When sodium was added to a model including BMI, systolic BP, and NT-proBNP, the incremental χ2 was 6.260 (P=0.012). When copeptin was added to the same model, the incremental χ2 was 4.13 (P=0.042). The C-statistic for the model including BMI, systolic BP, and NT-proBNP was 0.720 (95% confidence interval [CI], 0.651 to 0.789). Adding both sodium and copeptin to the model raised the C-statistic to 0.751 (95% CI, 0.684 to 0.817). Furthermore, when copeptin was added to NT-proBNP for the mortality end point, the net reclassification improvement (NRI) was 11.2% (P=0.096). When copeptin was added to sodium for the mortality end point, the NRI was 27.4% (P<0.001). When both sodium and copeptin was added to NT-proBNP for the mortality end point, the NRI was 32.7% (P<0.001).
Discussion
This current study was the first large-scale investigation to evaluate the prognostic potential of copeptin in patients with acute HF. This study demonstrated that elevated copeptin concentrations were associated with increased 90-day mortality, HF-related readmissions, and HF-related ED visits in patients with acute HF, highlighting the prognostic utility of copeptin. For the prediction of 90-day mortality in patients with acute HF, copeptin was comparable to NT-proBNP and added incremental predictive value to clinical predictors of mortality. Although there were large variations in the copeptin and sodium concentrations in this study, we found that sodium and copeptin were independent predictors of mortality with additive prognostic value. Patients with elevated copeptin concentrations had significantly increased risk for 90-day mortality and adverse outcomes, especially in those with concurrent hyponatremia.
Prior studies have shown that AVP was a major contributor to hyponatremia and that hyponatremia was associated with poor prognosis in Patients with HF.5,6 Although AVP was a major contributor to hyponatremia, there was no correlation between sodium and copeptin concentrations in our acute HF population. This observation was noted in previous studies as well.5 The lack of correlation between sodium and copeptin concentrations in our study might be due to the complex interactions of various pathophysiological processes and medications involved in sodium and free water regulation in patients with acute HF. Because copeptin concentrations were directly related to AVP concentrations, it could be postulated that elevated AVP concentrations is a potent predictor for mortality, rehospitalization, and ED visits in acute Patients with HF, especially in those with hyponatremia. We must also point out that the correlation between elevated copeptin concentrations and mortality did not necessarily establish a causal relationship.
Lately, the association between hyponatremia and increased mortality prompted great interest in using AVP antagonists to treat Patients with HF with hyponatremia. Although AVP antagonists have been used to treat hyponatremia in the general population with encouraging results, efforts to use them in Patients with HF were not as successful.13 The findings from our study might suggest why AVP antagonists were not effective in all Patients with HF. Future studies using AVP antagonists should be considered in patients with elevated copeptin concentrations and low sodium concentrations because these patients are most likely to have mortality benefit from AVP antagonist therapy.

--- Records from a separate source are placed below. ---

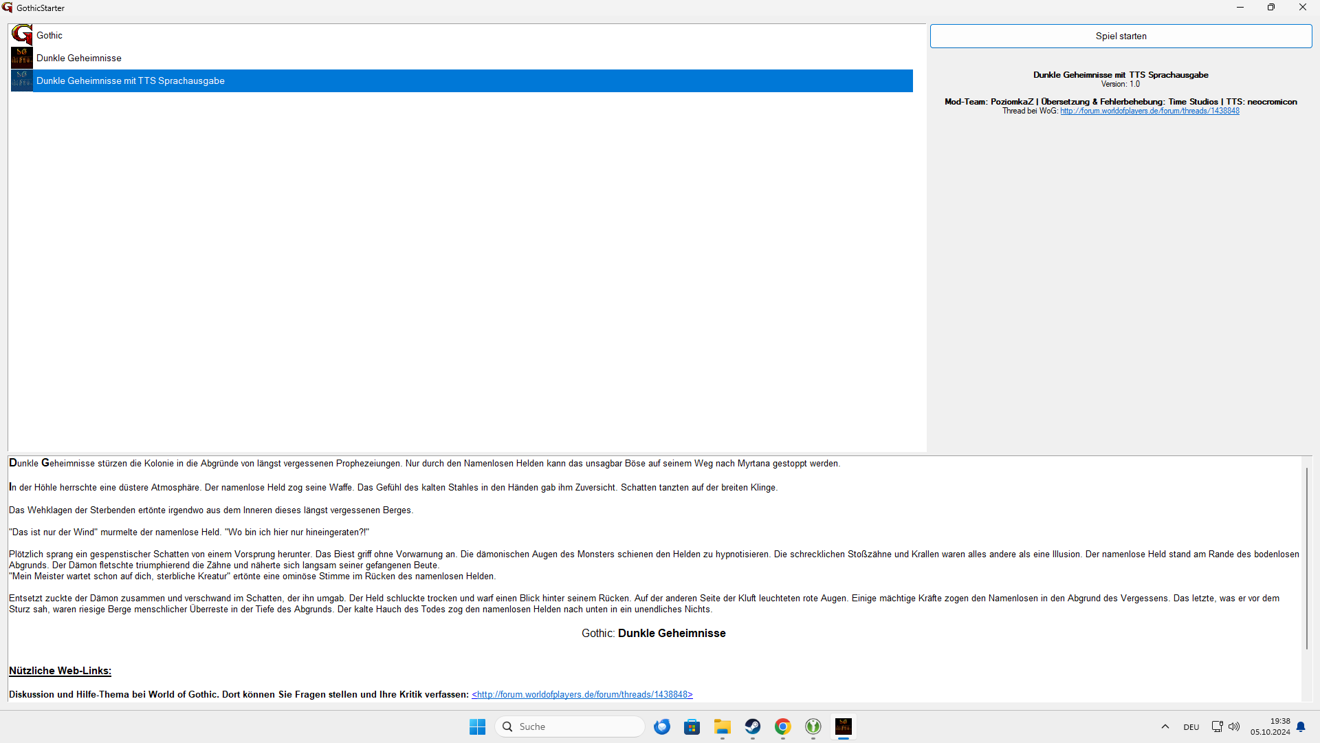 ich wollte nochmal Gothic Dunkle Geheimnisse spielen.
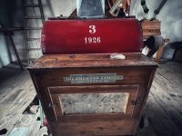 Válcová stolice s etiketou výrobce, 03 2024, © Jana Beranová, (Prvky na obrázku: válcová stolice, značka výrobce na technologickém vybavení)
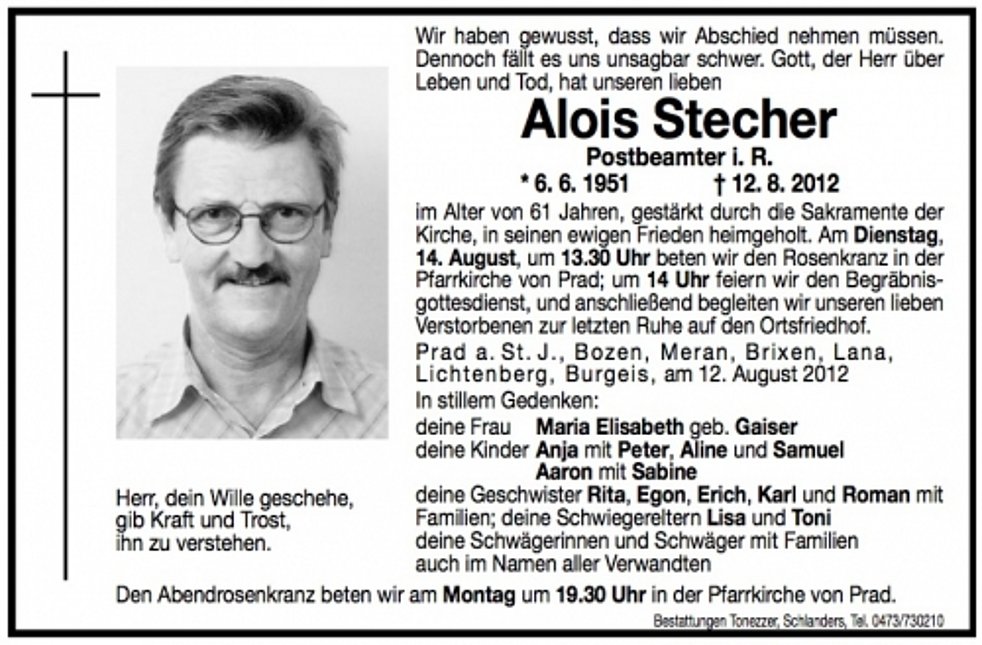 Am Dienstag, 14. August, um 13.30 Uhr beten wir den Rosenkranz in der Pfarrkirche von Prad; um 14 Uhr feiern wir den Begräbnisgottesdienst und anschließend begleiten wir unseren lieben Verstorbenen zur letzten Ruhe auf den Ortsfriedhof.
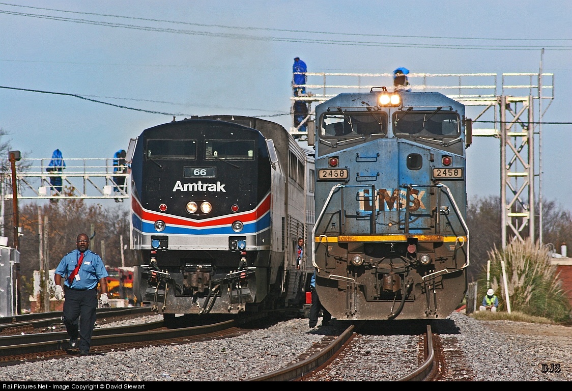| Amtrak's City of New Orleans eases into Switch Tender Jct in Jackson, Miss. after departing the station just out of sight. The eastbound KCS train in the distance will wait a little while longer as the engine crew on board AMTK train 59 and a CN Road Foreman of Engines places a worn out ex LMS CW40-8 in the lead due to loading issues with P42 66. Switch Tender will soon lose it's reputation as being an all manual junction between the IC/CN and KCS. New signals are seen in this view along with the Switch Tender himself who wasn't too thrilled about the idea. |
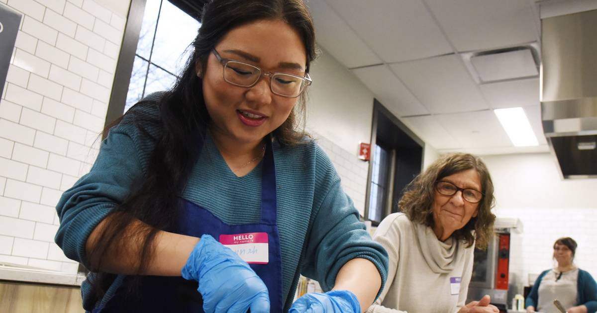 About 30 volunteers joined library staff members in a day of service, preparing meals in the library’s Makerplace kitchen for a local PADS homeless shelter.
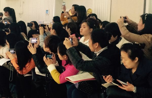 (参与教研活动的园长、教师积极踊跃,活动现场研讨气氛十分火爆)
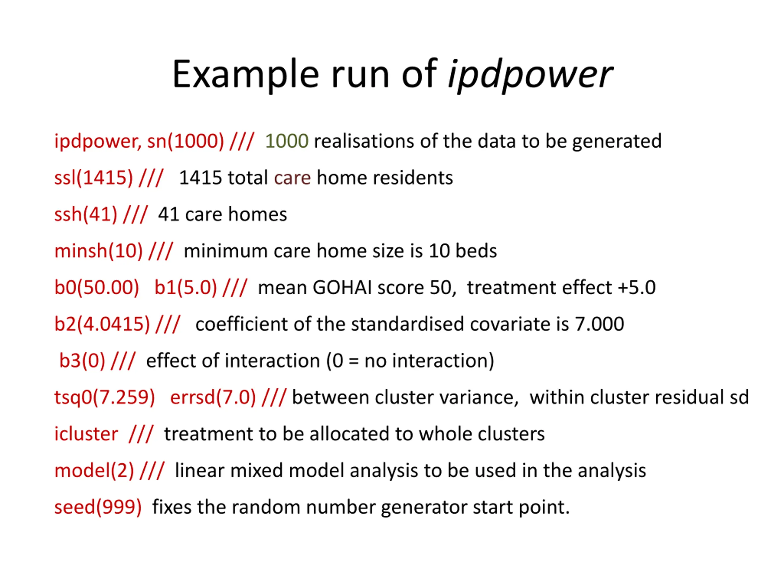 Example run of ipdpower ipdpower, sn(1000) /// 1000 realisations of the data to be generated ssl(1415) /// 1415 total care home residents ssh(41) /// 41 care homes minsh(10) /// minimum care home size is 10 beds b0(50.00) b1(5.0) /// mean GOHAI score 50, treatment effect +5.0 b2(4.0415) /// coefficient of the standardised covariate is 7.000 b3(0) /// effect of interaction (0 = no interaction) tsq0(7.259) errsd(7.0) /// between cluster variance, within cluster residual sd icluster /// treatment to be allocated to whole clusters model(2) /// linear mixed model analysis to be used in the analysis seed(999) fixes the random number generator start point.
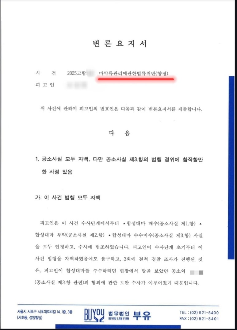 마약류관리법위반(향정) 사건에서 법무법인 부유가 이끌어낸 실질적 방어 사례
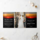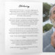 El programa funerario Birds and dawn se puede personalizar con dos fotos de su ser querido, una en negro y otra dentro del programa funerario. Añade obituario y orden de servicio junto con reconocimientos y un poema o salmo u otras palabras de cierre. La portada del programa del servicio conmemorativo incluye una foto de una bandada de pájaros cruzando el cielo al amanecer.
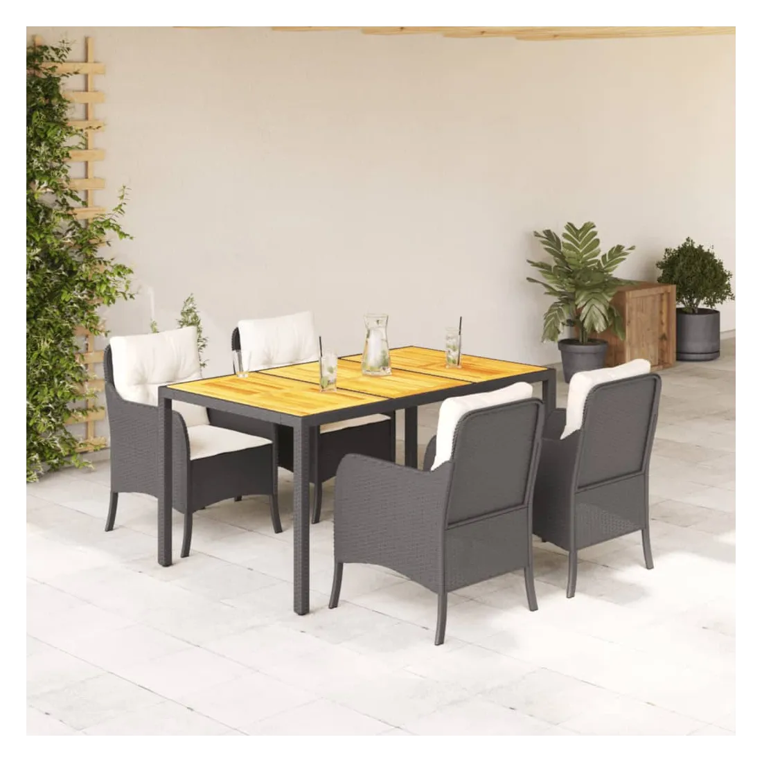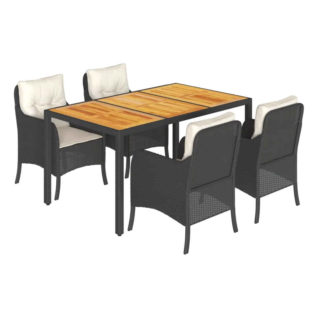 Cet ensemble de salle à manger de jardin est un excellent choix pour les repas en plein air ou pour vous détendre dans le jardin, l'arrière-cour ou le patio. Matériau durable : la résine tressée, également connue sous le nom de poly rotin, est un matériau synthétique solide et nécessitant peu d'entretien qui ressemble au rotin naturel. Il est léger, facile à nettoyer et couramment utilisé pour les meubles d'extérieur en raison de sa durabilité et de ses propriétés de résistance aux intempéries.Expérience d'assise confortable : ce mobilier d'extérieur, doté de coussins épais, offre une expérience d'assise confortable.Housse amovible et lavable : ces coussins de siège sont dotés de housses amovibles pour un lavage et un entretien faciles. Les housses de coussin de chaise ont un rabat à l'arrière pour une fixation facile aux chaises.Dessus stable et facile à nettoyer : cette table de jardin a un dessus en bois d'acacia robuste, durable et facile à nettoyer avec un chiffon humide.Cadre robuste et stable : le cadre en acier enduit de poudre assure la solidité et la stabilité du meuble de jardin pour une utilisation quotidienne à l'extérieur. Bon à savoir :Pour que vos meubles d'extérieur restent beaux, nous vous recommandons de les protéger avec une housse imperméable.
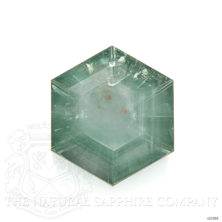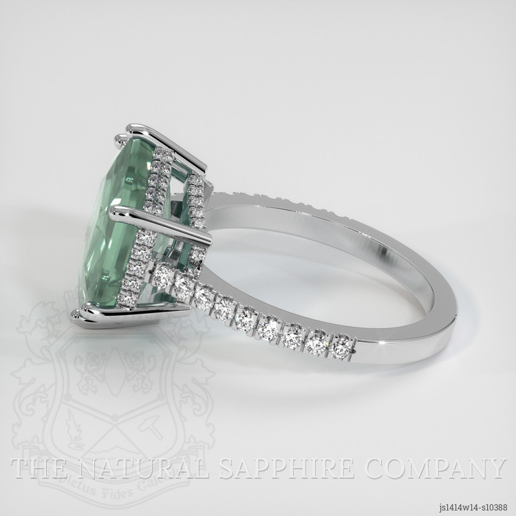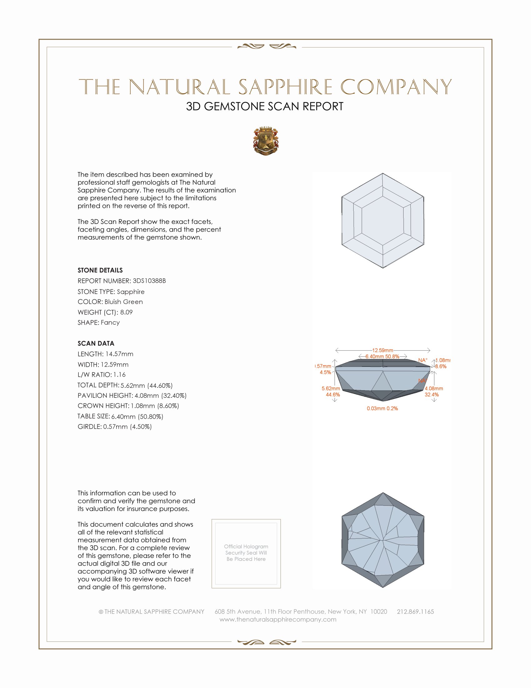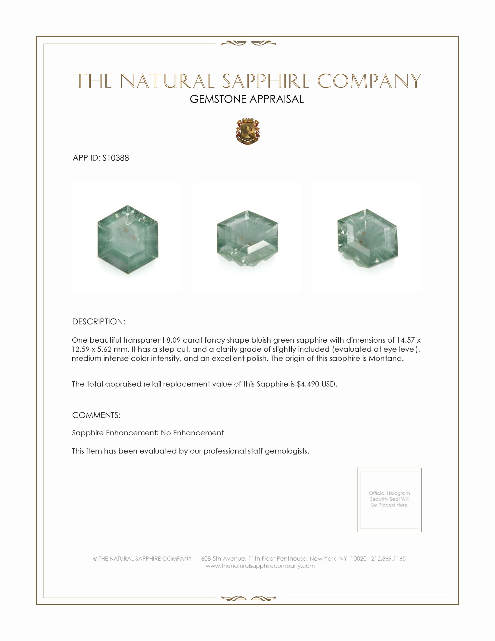 The ring features a beautiful, transparent 8.09 carat fancy shape bluish green sapphire with the dimensions of 14.57 x 12.59 x 5.62 mm and a step cut. It has a clarity grade of slightly included (evaluated at eye level), intense color saturation, and an excellent polish. The origin of this sapphire is Montana.

Our study was limited by the modest size of the acute HF cohort and short follow-up period, resulting in a relatively small number of mortality end points, which limited the number of covariates that could be analyzed in the multivariate models. Future studies focusing primarily on a larger acute HF cohort with longer follow-up are needed to confirm the findings of our study and to further examine the incremental prognostic value copeptin adds to traditional clinical predictors and current biomarkers.
In conclusion, elevated copeptin concentrations were associated with increased 90-day mortality, HF-related readmissions, and HF-related ED visits in patients with acute HF. In addition, mortality was significantly increased in the subgroup of patients with elevated copeptin and hyponatremia. Copeptin was an excellent predictor of 90-day mortality in multivariate models and provided additional prognostic information over sodium and clinical predictors. When combined, sodium and copeptin provided significant incremental prognostic value to clinical predictors of mortality and NT-proBNP. These findings from the BACH trial demonstrated the utility of using the novel biomarker copeptin to risk stratify patients with acute HF.
Clinical Perspective
This study demonstrated the potential use of the novel biomarker copeptin for the risk stratification of acute heart failure patients. Copeptin is a stable and easily measurable surrogate biomarker for arginine vasopressin. Because copeptin concentrations mirror that of arginine vasopressin, the ability to reliably measure copeptin concentrations will give clinicians insight into an important pathophysiological process in acute heart failure patients. When used by itself, copeptin is a strong independent prognostic biomarker in acute heart failure patients. Copeptin concentrations do not correlate with serum sodium. The prognostic utility of copeptin is additive to the prognostic utility of serum sodium. When used in combination with other biomarkers such as natriuretic peptides, midregion proadrenomedullin, and troponin, copeptin can help to provide the clinician with better insight into the pathophysiology and a more complete risk profile of patients with acute heart failure. In addition, copeptin concentrations can help clinicians identify high-risk patients who may benefit the most from arginine vasopressin antagonist therapy.
Sources of Funding
This study was supported by BRAHMS GmbH Biotechnology Centre, Hennigsdorf, Berlin, Germany.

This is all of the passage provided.